Depending on the selections from page 1, page 2 presents text boxes to paste in lists of fasta format sequences or Ensembl gene IDs, or radio-buttons to select a certain number of random promoters for the appropriate species, or species based check boxes for pre-constructed runs or %GC matched runs. If CORE_TF must retrieve promoters there are two options to define promoter sequences. The first option is to call a promoter as exon 1 plus a user defined number of base-pairs (bp) upstream. The second option is to define a promoter sequence as a user specified number of bp before and after the start of exon 1. The pre-constructed (approximately 3000 promoters) and pre-retrieved sets to match %GC on (approximately 10000 promoters, of which 3000 are selected) are based on 1000 bp upstream of exon 1 and exon 1 sequence.
If requested, page 3 (figure 2) uses Ensembl API to retrieve promoters from a locally installed Ensembl database or from the web-based Ensembl database depending on CORE_TF installation. If the option to use %GC matched random sequences is selected CORE_TF matches pre-retrieved promoter sequences to the experimental promoter sequences so that at least 3000 similar %GC promoters are obtained. It then uses Match to scan all sequences for the presence of TRANSFAC Professional (note: web based CORE_TF is still free access to non-commercial users) vertebrate matrices passing the PWM alignment threshold provided on page 1 (pre-constructed random promoter sets also have pre-executed Match runs and initial number of hits counted).

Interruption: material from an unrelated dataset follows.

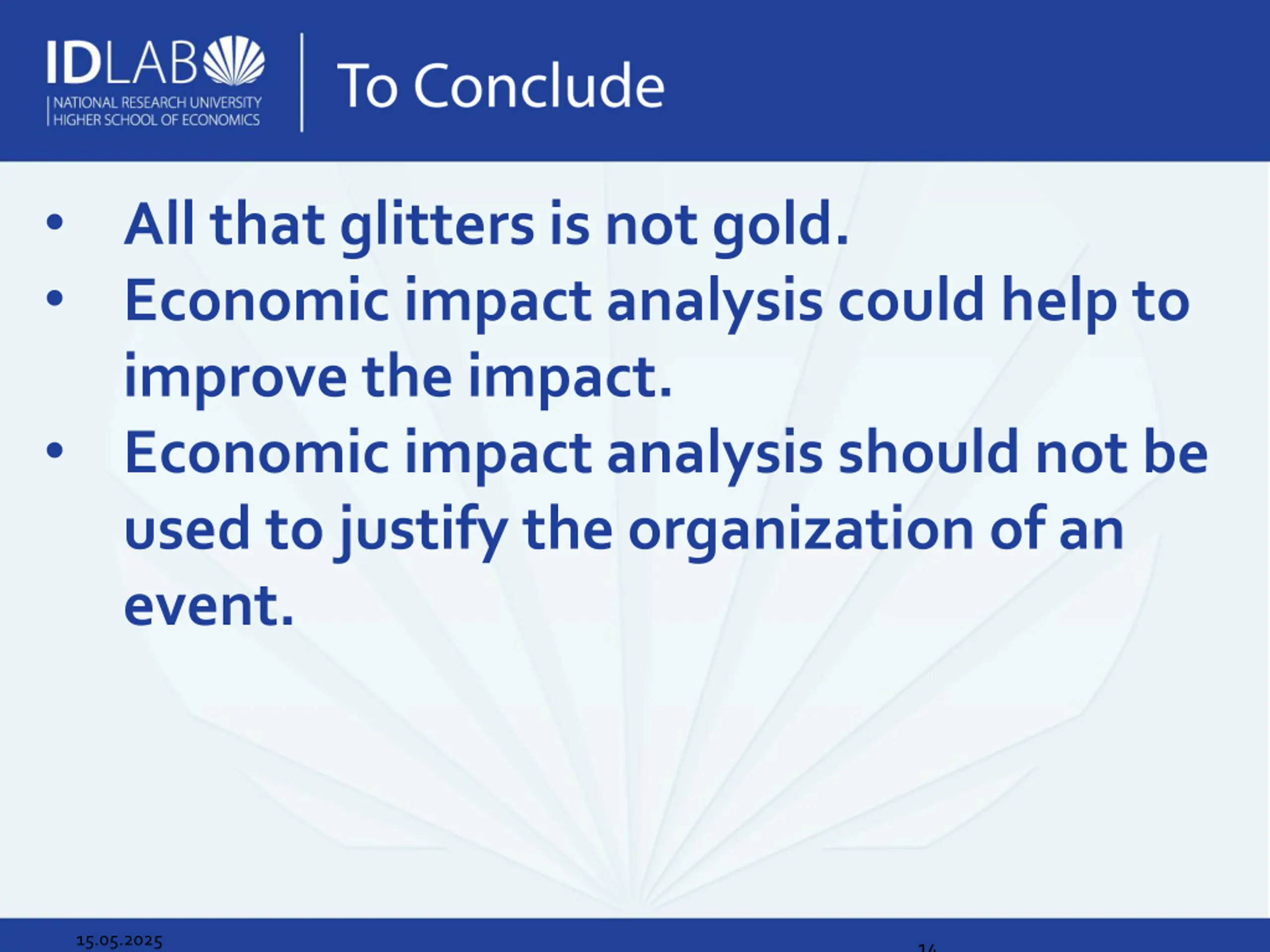 All that glitters is not gold. Economic impact analysis could help to improve the impact. Economic impact analysis should not be used to justify the organization of an event. 15.05.2025 14

A binomial test is carried out with the Perl module Math::Cephes  to identify TFBS that are over-represented in the experimental set over the random set. This is displayed on the screen as a sortable table with the TFBS name, p-value (10 digits are displayed), hits and total number in the experimental and random sets, as well as the number of matrix hits in each experimental promoter. For clarity, p-values below a defined threshold from page 1 are highlighted in blue. The table can be downloaded as an HTML file or a tab-delimited text file. The user can select a number of TFBS plus a promoter of interest and continue to the next page. There is also a Java script with a button to automatically select all TFBS with a p-value below the defined threshold.
Figure 2. Page 3 screen-shot. Page 3 of CORE_TF displays the following columns: selection boxes for the next page's analysis, all TFBS matrices with hits, the p-value, the number of experimental promoters hit, the number of experimental promoters analyzed, the number of random promoters hit, the number of random promoters analyzed, frequency of hits in the random data, as well as a column for each experimental promoter analyzed indicating the number of TFBS hit in it. Our page is lengthy, so for display purposes in this figure we deleted the middle TFBS as indicated by the large black bar.

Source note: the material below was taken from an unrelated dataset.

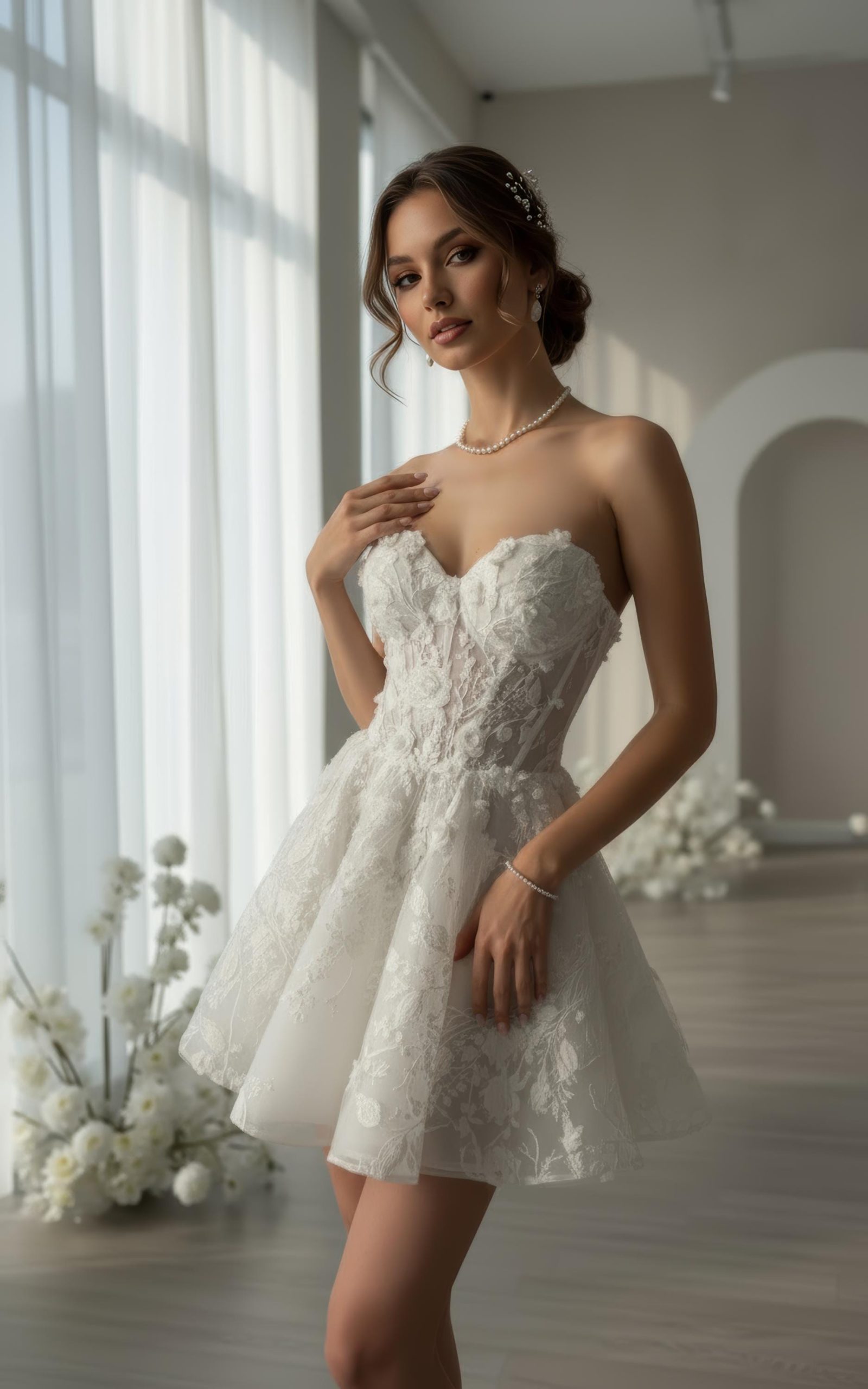 Make your moment unforgettable in this short floral lace corset wedding dress, crafted for the modern romantic bride.

Page 4 gives the user the opportunity to use Ensembl defined orthologs or aligned genomic regions in a selection of species (currently H. sapiens, P. troglodytes, M. musculus, R. norvegicus, B. taurus, C. familiaris, and G. gallus) or enter user defined orthologous sequences in fasta format. There is also the option to define promoters as was done in page 2. If the user skipped over-representation analysis there is a list of TFBS to chose from for analysis, otherwise CORE_TF uses TFBS selection from page 3.

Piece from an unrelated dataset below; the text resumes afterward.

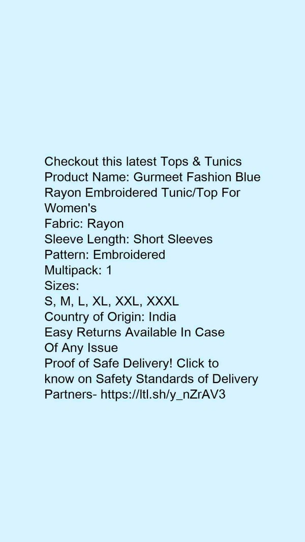 Product Name: *Gurmeet Fashion Black Rayon Embroidered Tunic/Top For Women's*Fabric: RayonSleeve Length: Short SleevesPattern: EmbroideredMultipack: 1

This is given to page 5 which, if necessary, retrieves either orthologous IDs and sequences or aligned genomic regions with Ensembl API. Aligned genomic regions are pairwise alignments, but CORE_TF places them into a multi-species viewed alignment. Sequences are again scanned by Match and TRANSFAC. If Ensembl genome alignments were not used, the first sequence entered or the ID used for orthologous retrieval is used as the reference to carry out a promoter sequence alignment with BLASTz . Alignments are displayed on the screen. Tables are shown with each TFBS selected and the following information: total score, region score, number of promoters aligned at that point, and the length of the binding site. The region score is defined by taking the sum of 100 times the percent of each nucleotide aligned (figure 3a). The total score is defined as the region score divided by the pattern length divided by 100 (figure 3b). More specific details of these region numbers are displayed on additional tables lower in the page. The user may select a TF and submit this to the final page.
Figure 3. Formulas for conservation scores.
Page 6 (figure 4) allows for visualization in the alignment by displaying the alignment with selected TFBS highlighted according to the strand bound: blue (positive strand), purple (both strands), or red (negative strand). There is also evidence that some TF may preferentially bind one strand over the other . It is up to the user to decide if their TF is strand specific or not.
Figure 4. Page 6 screen-shot of a conserved MyoD TFBS in the LAMA4 promoter. Page 6 of CORE_TF displays two identical boxes containing aligned promoters with conserved matrices highlighted by color; blue if on the positive strand, purple if on both strands, and red if on the negative strand. If requested in the previous page to show run details (not shown in this figure), boxes with score construction for all conserved TFBS are also displayed, as well as the patterns of all selected matrices hit. Here we show an example of a MyoD TFBS (matrix MyoD_Q6_01) in the LAMA4 promoter conserved in human, chimp, and dog on both strands.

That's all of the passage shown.